Author

Josh Day

Published

June 3, 2021

Big CSVs

“Big data” can be defined as any dataset requiring you to change how you analyze it because of its size.


Small CSVs: CSV.File

For datasets comfortably fitting in memory, the CSV package offers CSV.File() for high-performance file reading:

  • Automatically determines column types
  • Creates objects loadable into DataFrames
  • Supports numerous formatting options
using CSV, DataFrames, Plots, Downloads

url = "https://raw.githubusercontent.com/nytimes/covid-19-data/master/us.csv"

file = CSV.File(Downloads.download(url))

df = DataFrame(file)

plot(df.date, df.cases, title="Cumulative COVID-19 Cases in the US",
    lab="", ylab="N", xlab="Date")
Precompiling packages...
   1936.3 msQuartoNotebookWorkerTablesExt (serial)
  1 dependency successfully precompiled in 2 seconds
Precompiling packages...
    955.3 msQuartoNotebookWorkerLaTeXStringsExt (serial)
  1 dependency successfully precompiled in 1 seconds

Large CSVs: CSV.Rows

For massive files, CSV.Rows creates a memory-efficient iterator loading one row at a time.
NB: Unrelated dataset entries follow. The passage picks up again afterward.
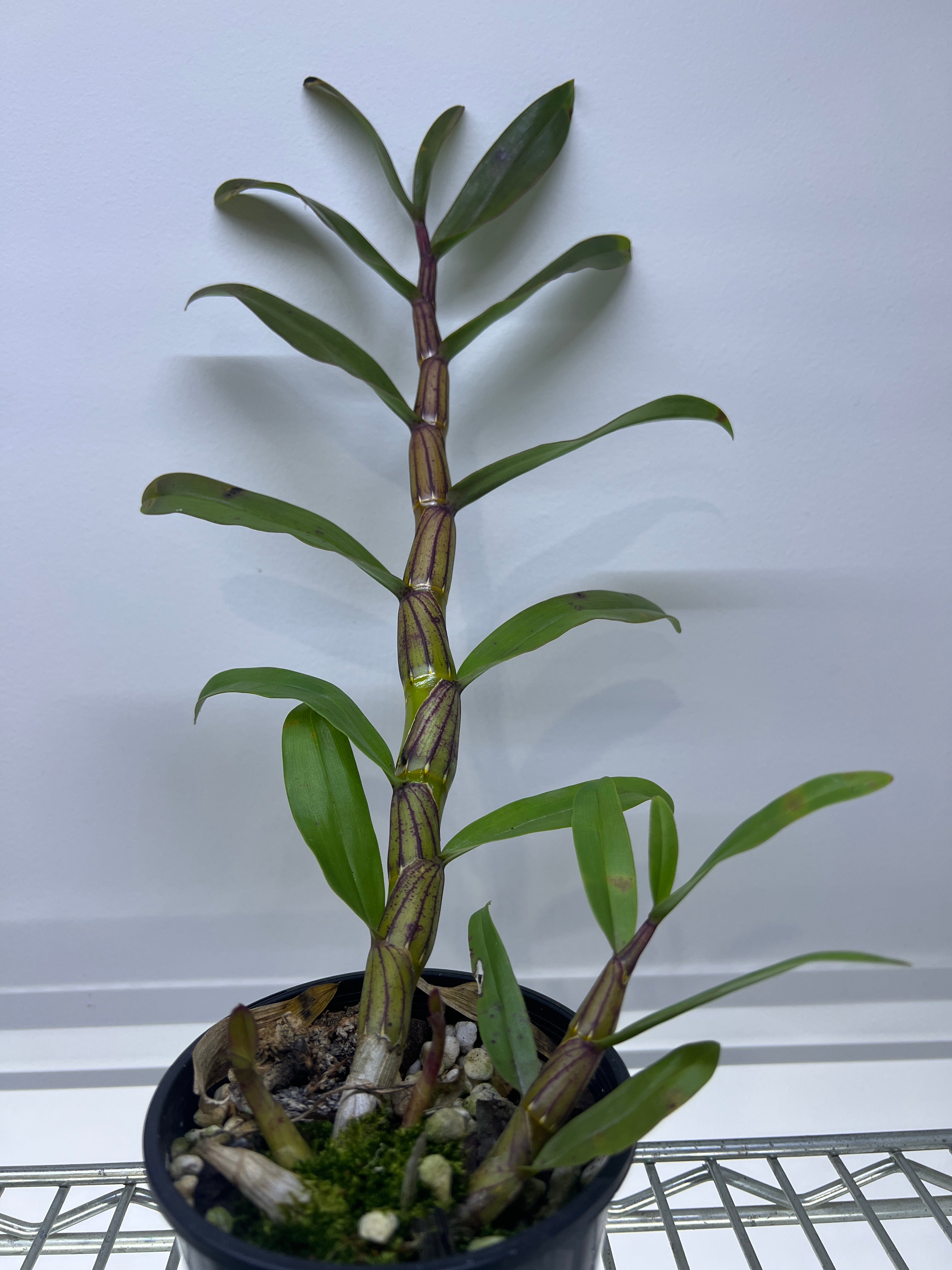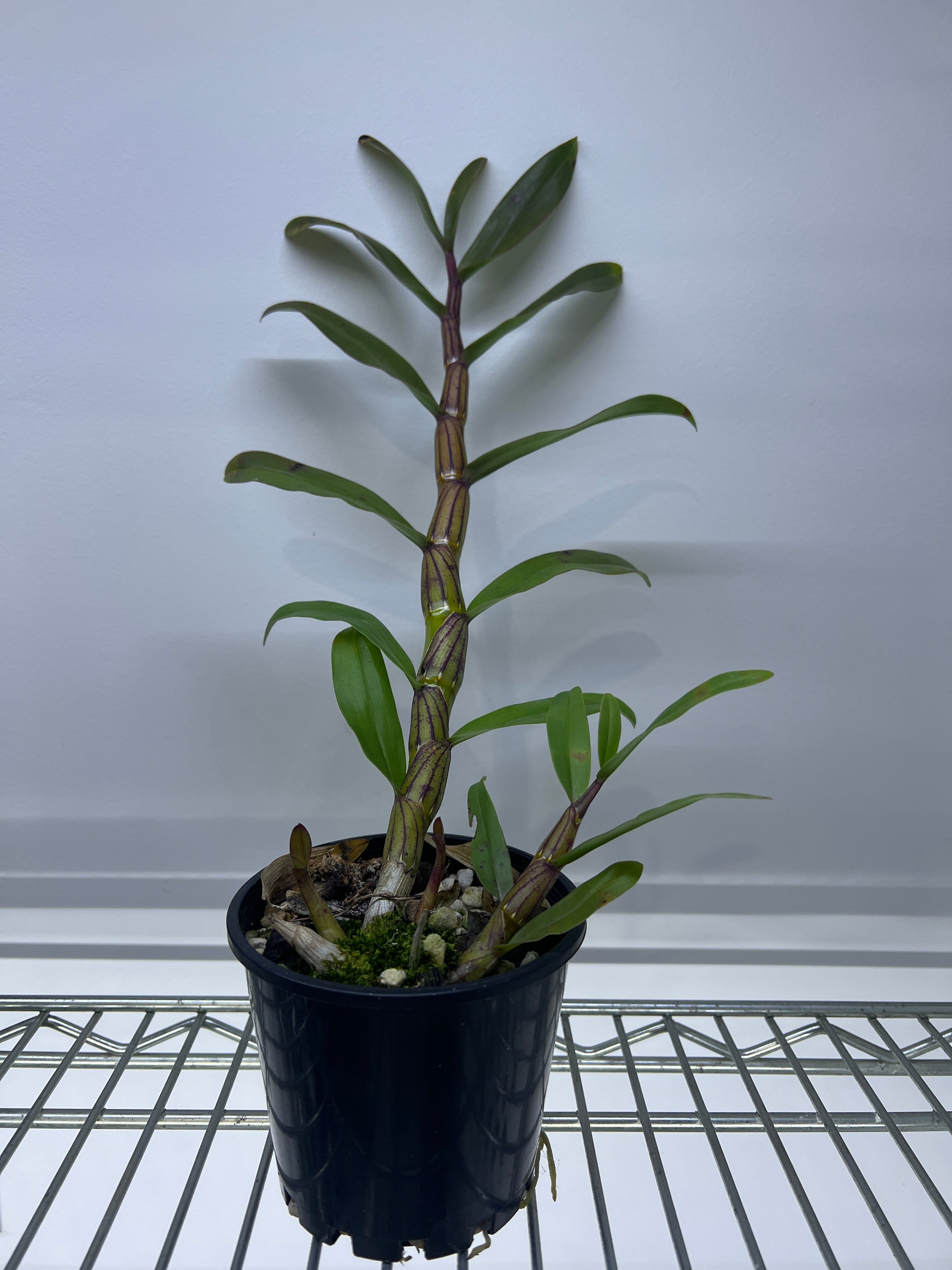 This is a stunning Dendrobium species from Tropical Mainland Asia growing in a 70mm pot. It is an amusing orchid plant which will have charming and fragrant flowers once it blooms. It is suitable for all beginners and orchid lovers. This orchid can bloom with up to 15 flowers that are large, up to 13cm wide. It has canes that are evergreen.
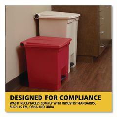 The Rubbermaid Commercial Legacy Step-On Receptacle provides sanitary waste management while the tight-fitting lid helps contain odors. The step-on foot pedal reduces contamination and improves working conditions. High-quality craftsmanship ensures containers get the job done in any environment.
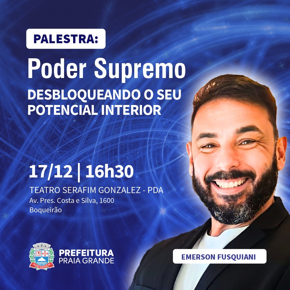 Para estimular o autoconhecimento, aprimorar habilidades e promover o treinamento comportamental, Praia Grande recebe na próxima terça-feira, dia 17, às 16h30, a palestra gratuita “Poder supremo, desbloqueando o seu potencial interior”, ministrada pelo empresário Emerson Fusquiani. O evento será realizado no Palácio das Artes (Avenida Presidente Costa e Silva, 1600, Bairro Boqueirão).
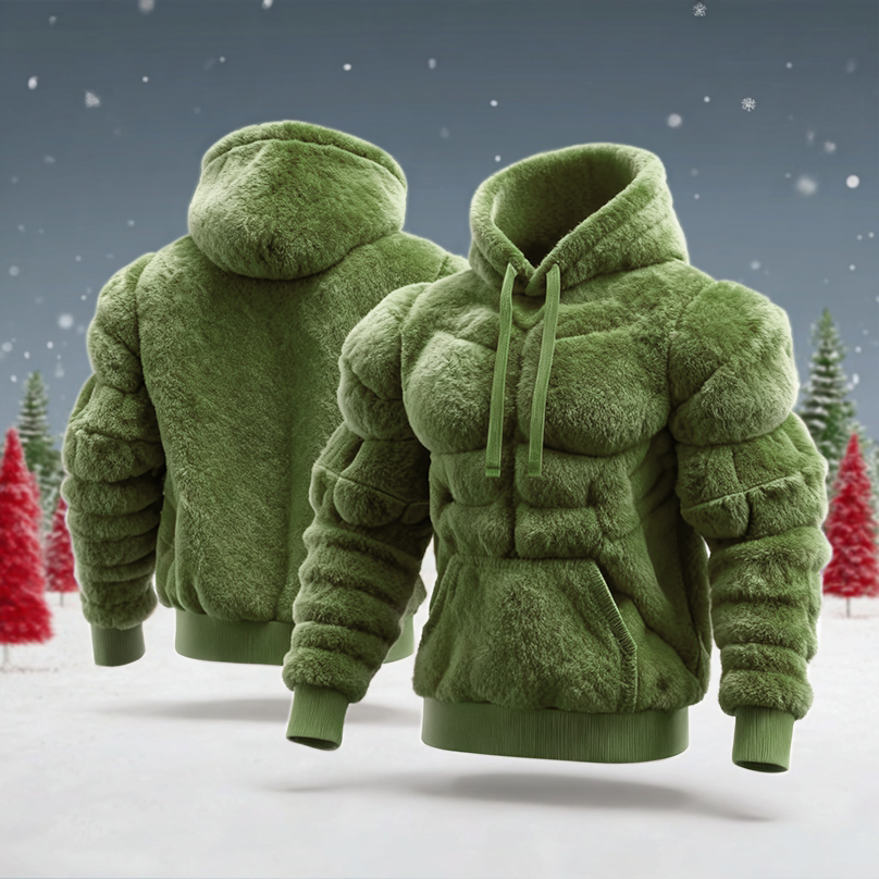 Men's Muscle Art Flannel Warm Hoodie

All data appears as strings requiring manual type parsing.


CSV Combined with OnlineStats

The OnlineStats package provides fast single-pass algorithms using constant memory, enabling statistics calculation on infinitely-sized datasets.

using CSV, OnlineStats, Plots

rows = CSV.Rows("/path/to/large_file.csv", reusebuffer=true)

itr = (parse(Int, r.passenger_count) => parse(Float64, r.fare_amount)
    for r in rows)

o = GroupBy(Int, Hist(0:.5:100))

fit!(o, itr)

plot(plot(o[1]), plot(o[2]), plot(o[3]), plot(o[4]),
    layout=(4,1), link=:all, lab=[1 2 3 4]
)

The example above examines NYC taxi data to visualize fare distributions by passenger count — processing arbitrarily large files with constant memory usage.